• [Task to carry out]: Could you retype the lines below, starting at the line holding "Town of Carlisle staff" and stopping at the line holding "The Bella Crew", inclusive? Copy them exactly and drop the images.

• [Supplied records]:
.....
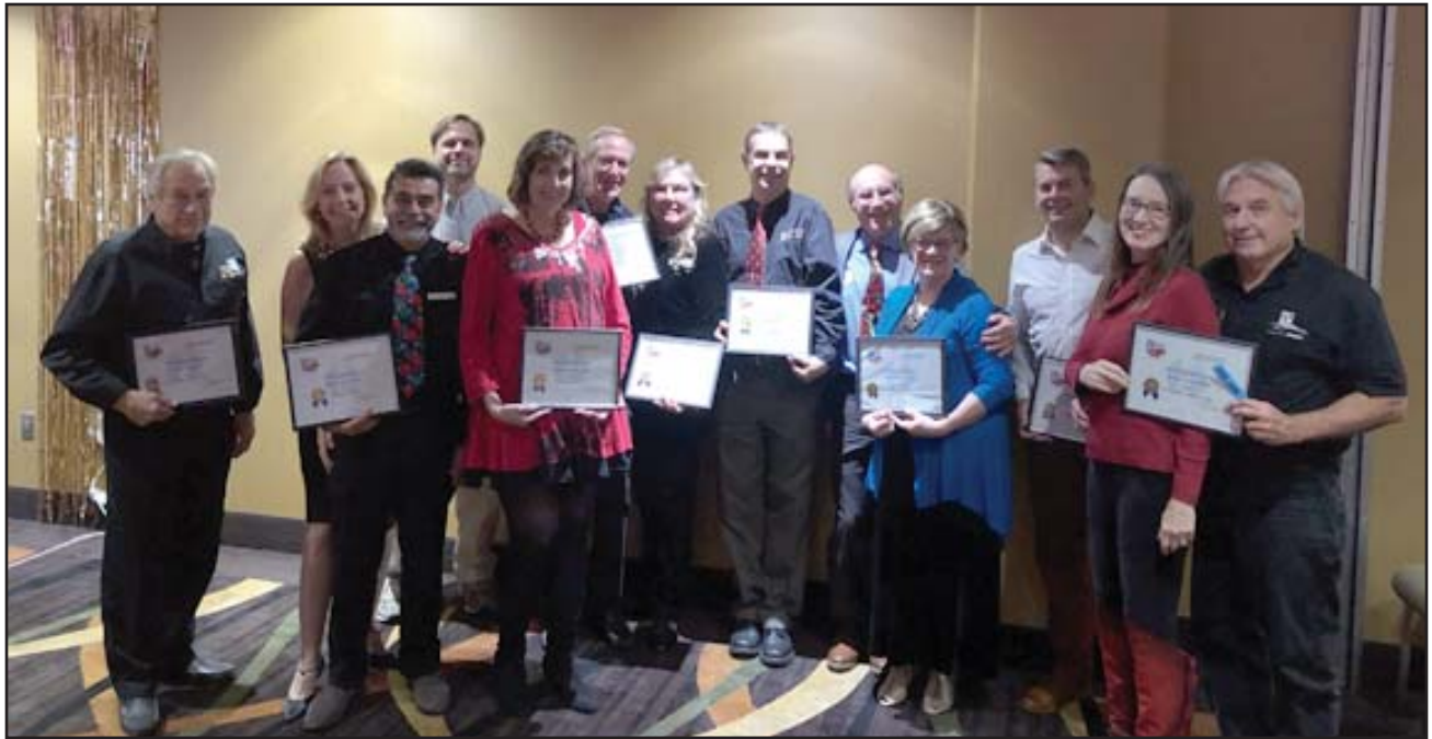
After all the event organizers and award winners were recognized individually, they were all brought up together to be recognized as a group
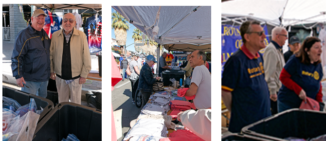
Happy Rotarians !
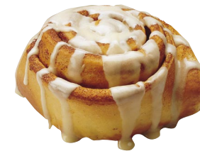
Bun held 3 hours in a CVap Holding Cabinet
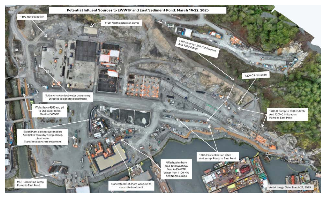
Figure 2: East Catchment contact water management facilities (March 16 – March 22).
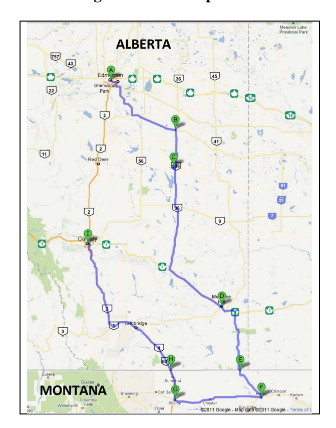
Figure 4. Field Trip Route

Wild Horse on a weekday morning and travelled to Havre, Montana, then went on to the border at Coutts/Sweetgrass in the afternoon of the same day. I returned to Shelby, MT for evening meetings. I crossed the Coutts/Sweetgrass border again the following morning and journeyed on to Calgary (Figure 4).
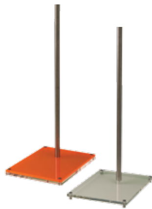
ACRYLIC BASE Acrylic baseplate with satin steel feet. Clear, coloured or edge lit neon.
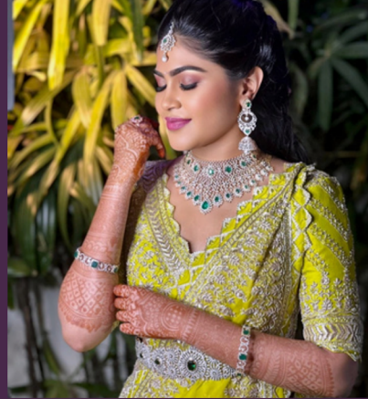
NON - BRIDAL PACKAGES Bangalore | Outstation Know More
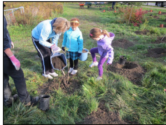
Good to see the kids participating as well!
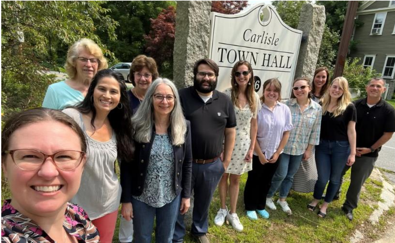
Town of Carlisle staff

The Town of Carlisle was incorporated as a District on April 19, 1754, and as a Town on February 18, 1805
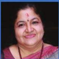
K. S. Chitra
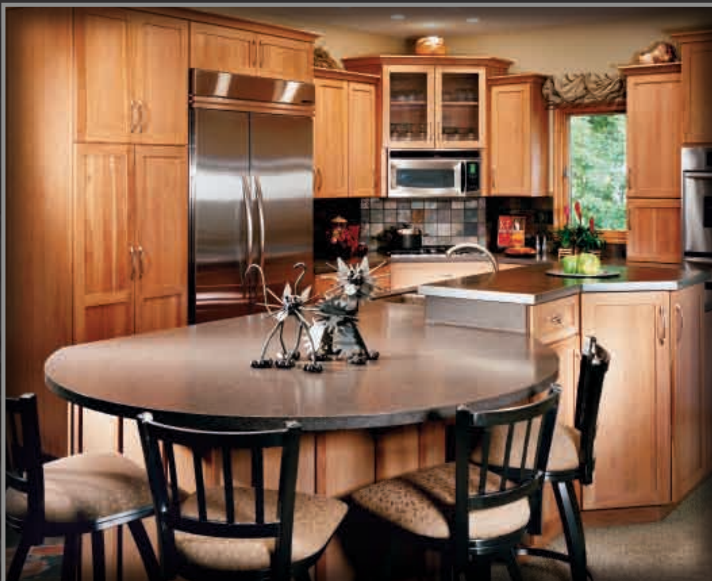
Finish/Wood: Custom Match Cherry Door Style: Seattle
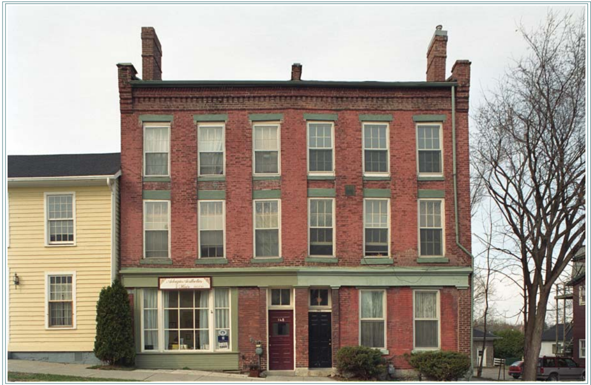
MARSHALL COVERT TOWNHOUSE circa 1850

Walton Street Heritage District - Classic Revival
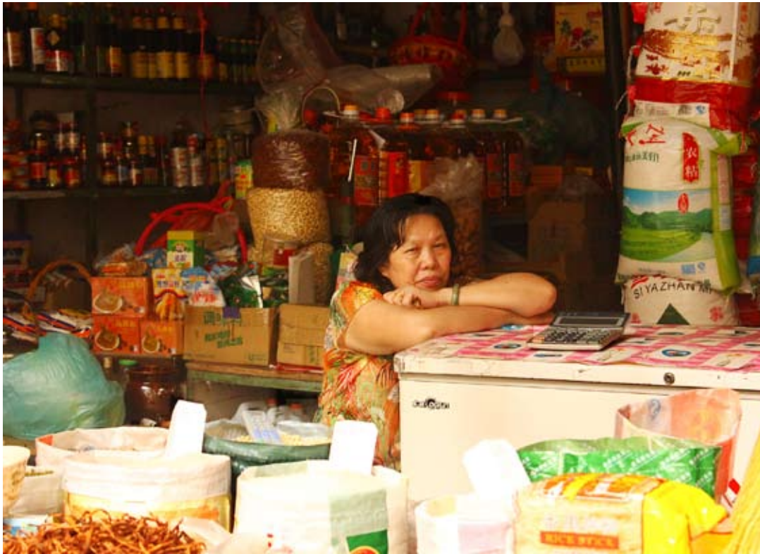
A Grocery Store

It was a weekday, the landlady was bored to death, whose business was not thriving. Her stall mainly sells dry foods.
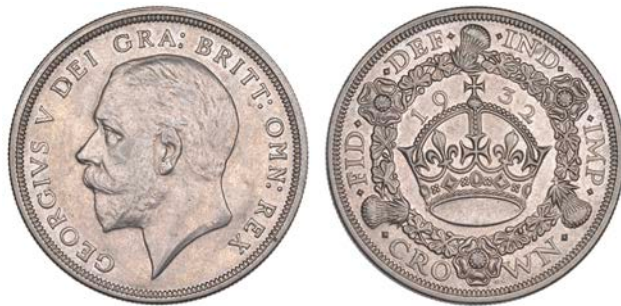
270 Crown, 1932 (ESC 3641 [372]; S 4036). About extremely fine
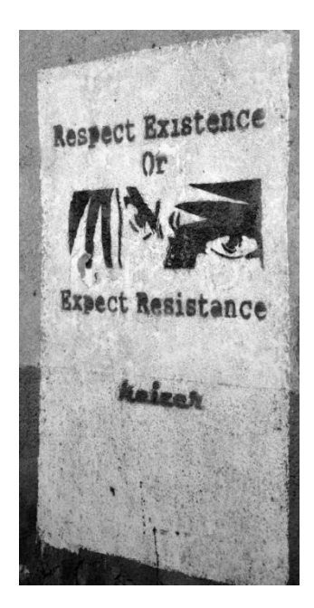
Figure 10. Respect existence or expect resistance (Twisted Rose)

In the graffiti above, antithesis and full rhyme bring about a far-reaching effect and intensify the idea. Once this phrase was used as a slogan of The Civil Rights Movement that proved to be very catchy and resonated with plenty of people around the world. It is straightforward, thought-provoking and memorable due to its rhyming form and radical juxtaposition of ideas. The graffiti stresses that failure to acknowledge and honour other people's rights and freedoms inevitably leads to resistance because everybody wants equal treatment and recognition of their inherent worth. The message of the graffiti is also reinforced by the graphical part that depicts a part of the face. The angry, disapproving eye expression shows how determined and serious the person is.
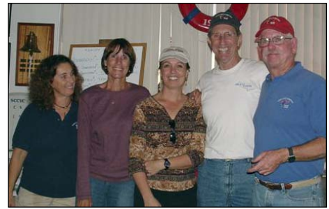
The Bella Crew accepts their 3rd place Campbell Cup finish with aplomb.

This was the last race of the year for SCCYC's race committee and I would like to thank everyone who helped and participated to make our races
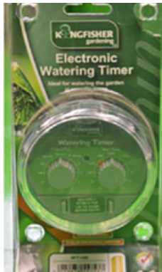
Kingfisher product advertised

The danger comes when substitute sellers of generic or imitation watering timers 'piggyback' on the Kingfisher listing in order to benefit from its higher-placed ranking and brand reputation while supplying a substitute product, as in the example below:
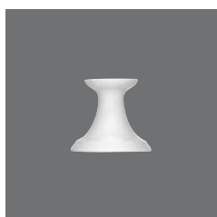
Leuchter , Candleholder, Bougeoir, Candelabro, Candeliere

> Tischvase bauchig 19 8100 5372 - 78 (3.07) 126 200
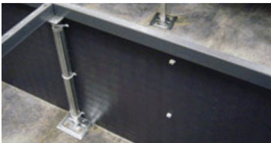
Underfloor Plenum Panels
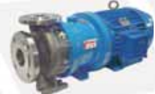
CN MAG-M SERIES Acc. to DIN EN 22858 CC Version Flow up to 250 mc/h Head up to 145 m
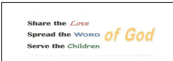
Proposed Mission Statement No. 1:
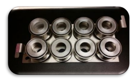
Figure 7. Tray with analyzed samples.
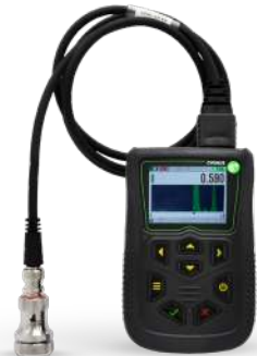
CYGNUS 6+ PRO
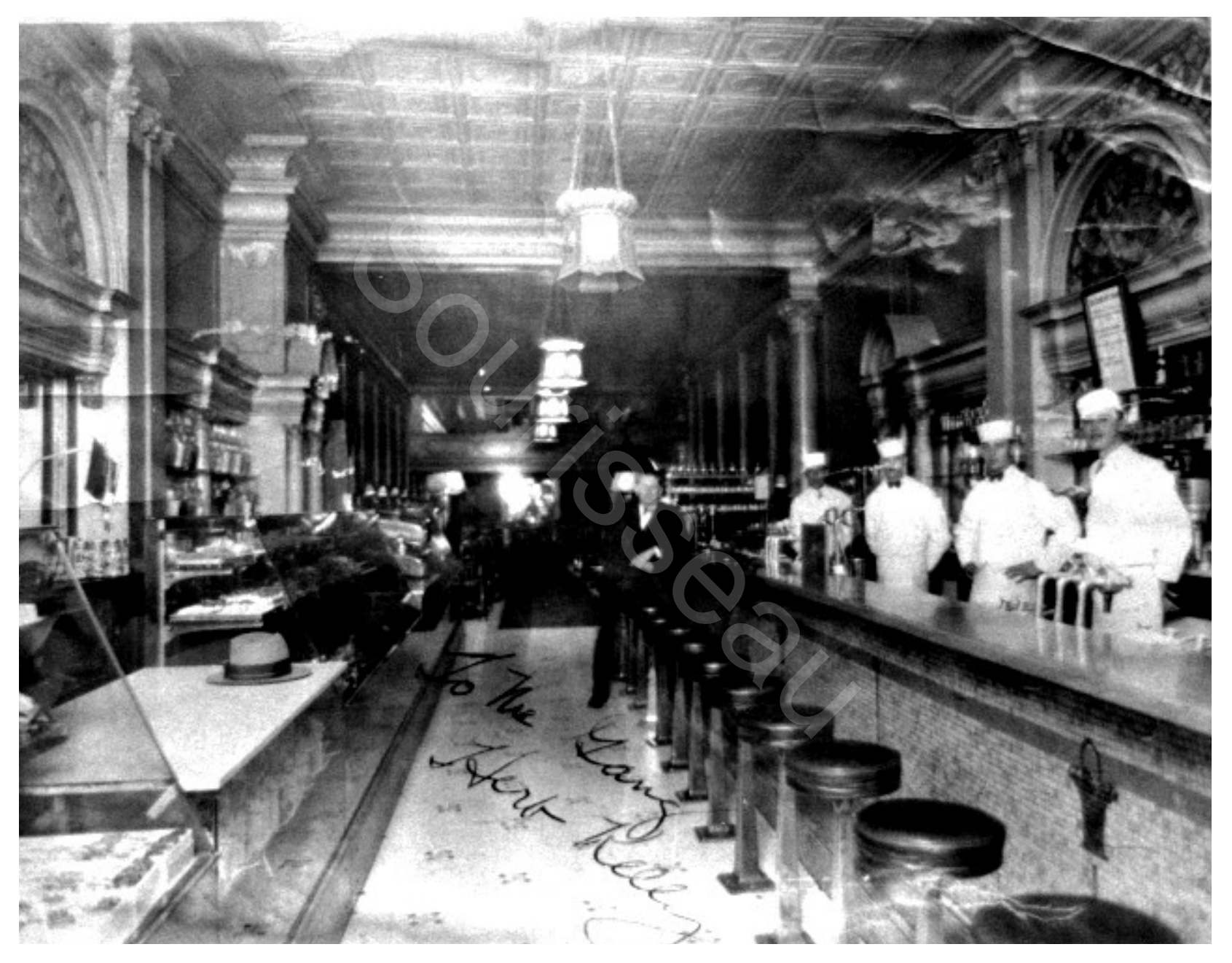
[163] Before the Earthquake! By 1900, it required four uniformed soda jerks to staff the fountain side of O'Briens!
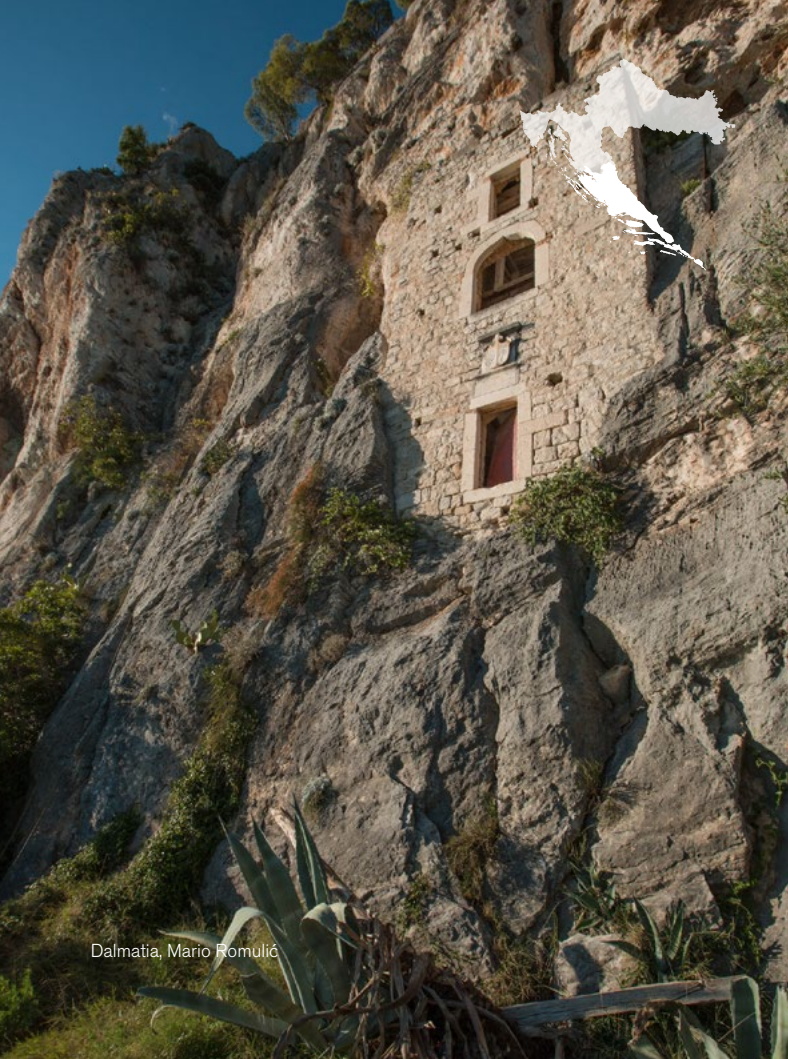
Dalmatia
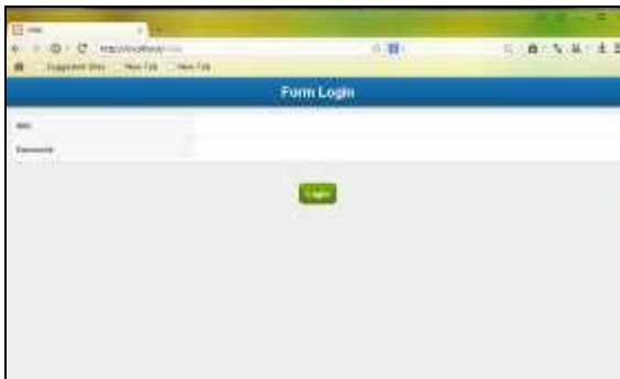
Fig 2. Login Display

Display of this log can be seen in Fig 2.
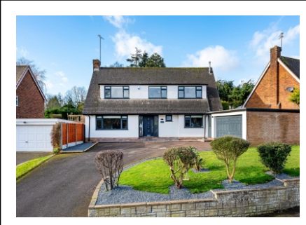
25 Perton Brook Vale, Wightwick
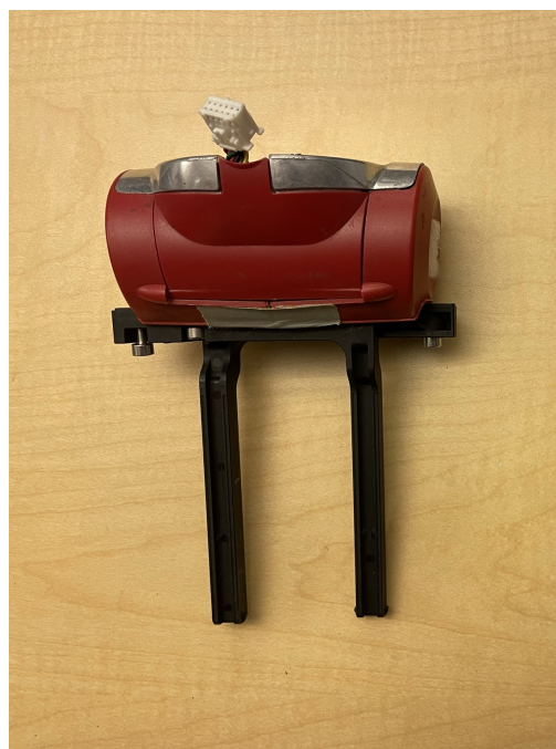
Figure 3: Electric parallel-jaw gripper.
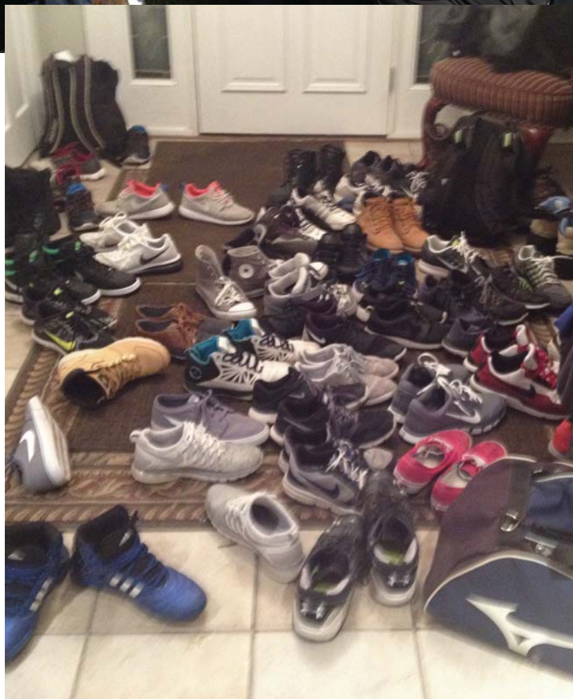
A not-uncommon sight at the President’s home – students’ shoes in the entry hall when visiting for study tables, dinners, movie nights or playing ping pong.
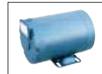
56 Frame Motor
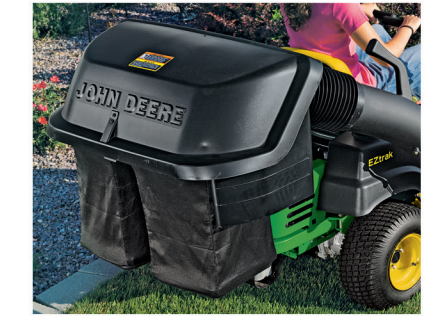
Large capacity material collection systems work great on grass and leaves.

Residential Zero-Turn Mowers / Z300 & Z500 Series
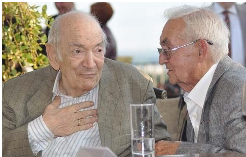
Victor Korchnoi and Mark Taimanov, Dresden 2014

VIKTOR LVOVICH KORCHNOI (23 March 1931 – 6 June 2016)
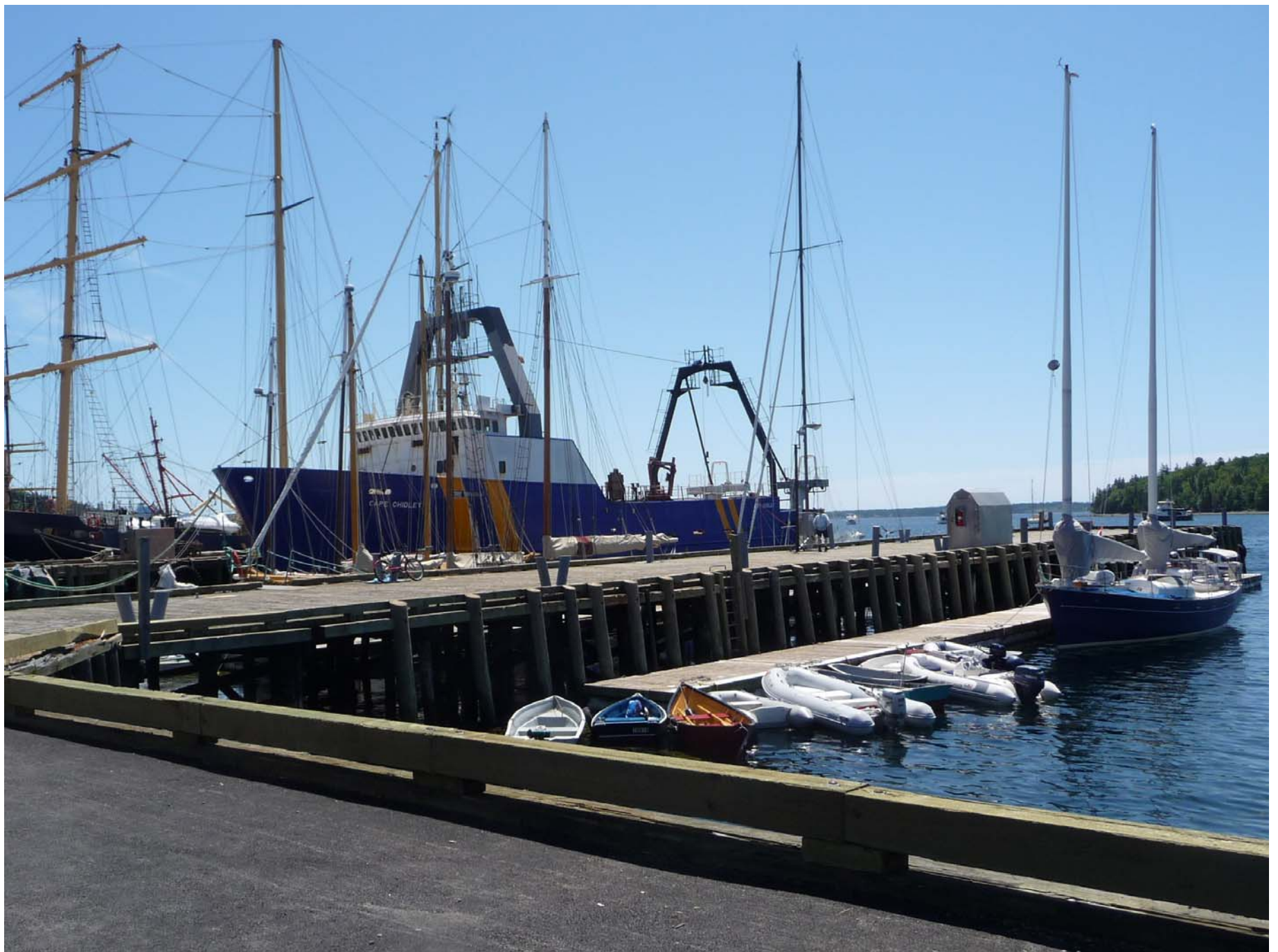
Tied up to the Zwicker wharf at the new floating docks. Papa I is on the other side.
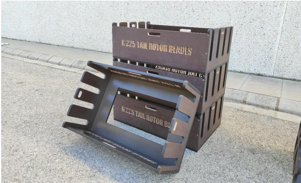
H225 Tail Rotor Blade Box
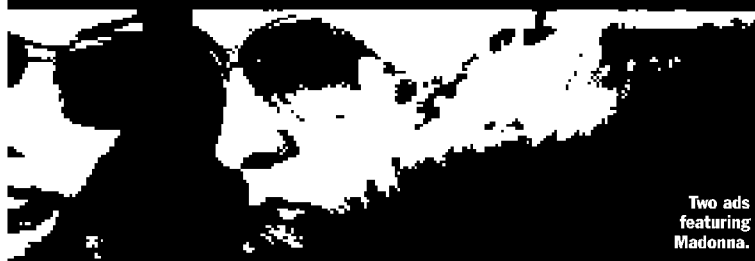
Two ads featuring Madonna.
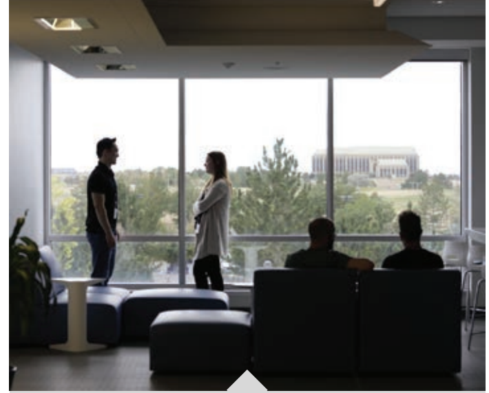
On average, over 75% of our interns convert to full-time employees .

Each intern receives mobility assistance based on how far they move from home to intern with SNC.
.....
• [Task output]:
Town of Carlisle staff

The Town of Carlisle was incorporated as a District on April 19, 1754, and as a Town on February 18, 1805
K. S. Chitra
Finish/Wood: Custom Match Cherry Door Style: Seattle
MARSHALL COVERT TOWNHOUSE circa 1850

Walton Street Heritage District - Classic Revival
A Grocery Store

It was a weekday, the landlady was bored to death, whose business was not thriving. Her stall mainly sells dry foods.
270 Crown, 1932 (ESC 3641 [372]; S 4036). About extremely fine
Figure 10. Respect existence or expect resistance (Twisted Rose)

In the graffiti above, antithesis and full rhyme bring about a far-reaching effect and intensify the idea. Once this phrase was used as a slogan of The Civil Rights Movement that proved to be very catchy and resonated with plenty of people around the world. It is straightforward, thought-provoking and memorable due to its rhyming form and radical juxtaposition of ideas. The graffiti stresses that failure to acknowledge and honour other people's rights and freedoms inevitably leads to resistance because everybody wants equal treatment and recognition of their inherent worth. The message of the graffiti is also reinforced by the graphical part that depicts a part of the face. The angry, disapproving eye expression shows how determined and serious the person is.
The Bella Crew accepts their 3rd place Campbell Cup finish with aplomb.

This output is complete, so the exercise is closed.